4.5/5 - (2 votes)

Sharding

What to do when the data stops getting on one server? There are two standard zoom mechanisms:

    • Vertical when we just add memory and disks to this server. This has its limits – in terms of the number of cores per processor, the number of processors, and the amount of memory.
    • Horizontal, when we use many machines and distribute data between them. Sets of such machines are called clusters. To place data in a cluster, they need to be sharded – what means, for each record, determine which server it will be located on.

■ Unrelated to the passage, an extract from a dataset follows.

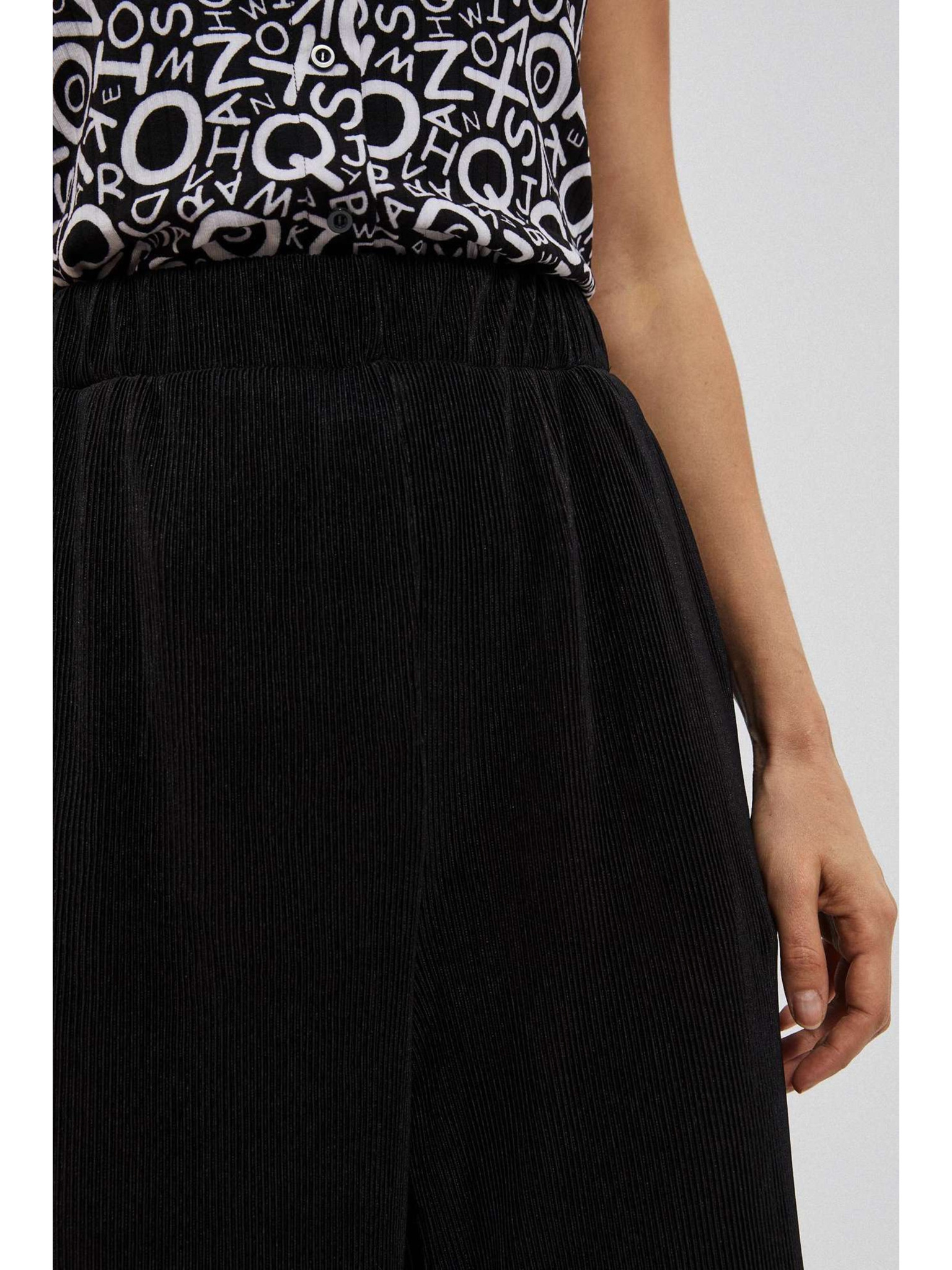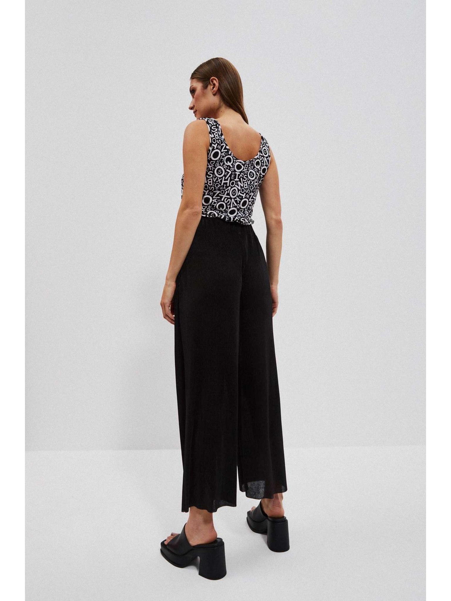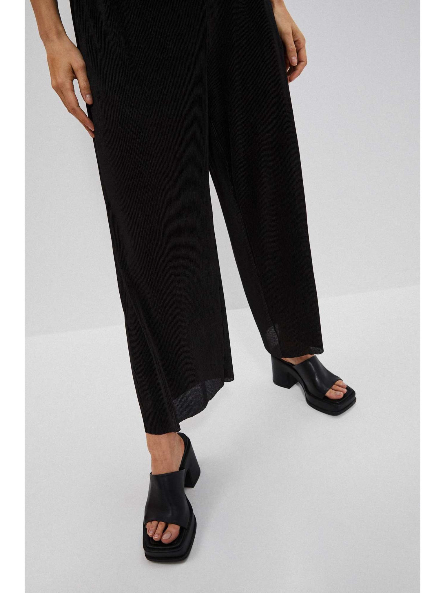 Čierne nohavice so širokými nohavicami z rebrovaného materiálu Moodo

A sharding key is a parameter by which data is distributed between servers, for example, a client or organization identifier.
Imagine that you need to record data about all the inhabitants of the Earth in a cluster. As a shard key, you can take, for example, the person’s birth year. Then 116 servers will be enough (and every year it will be necessary to add a new server). Or you can take as a key the country where the person lives, then you will need approximately 250 servers. Still, the first option is preferable, because the person’s birth date does not change, and you will never need to transfer data about him between the servers.

As a sharding key, it is better to choose data that rarely changes. However, far from always an applied task makes this easy to do.

Consensus in the cluster

When there are a lot of machines in the cluster and some of them lose contact with the others, then how to decide who stores the latest version of the data? Just assigning a witness server is not enough, because it can also lose contact with the entire cluster. In addition, in a split brain situation, several machines can record different versions of the same data – and you need to somehow determine which one is the most relevant. To solve this problem, people came up with consensus algorithms. They allow several identical machines to come to a single result on any issue by voting. In 1989, the first such algorithm, Paxos, was published, and in 2014, Stanford guys came up with a simpler Raft to implement. Strictly speaking, in order for a cluster of (2N + 1) servers to reach consensus, it is enough that it has at the same time no more than N failures. To survive 2 failures, the cluster must have at least 5 servers.

Relational DBMS Scaling

Most databases that developers are used to working with support of relational algebra. The data is stored in tables and you need to join the data from different tables by JOIN operation. Lets consider an example of a database and a simple query to it.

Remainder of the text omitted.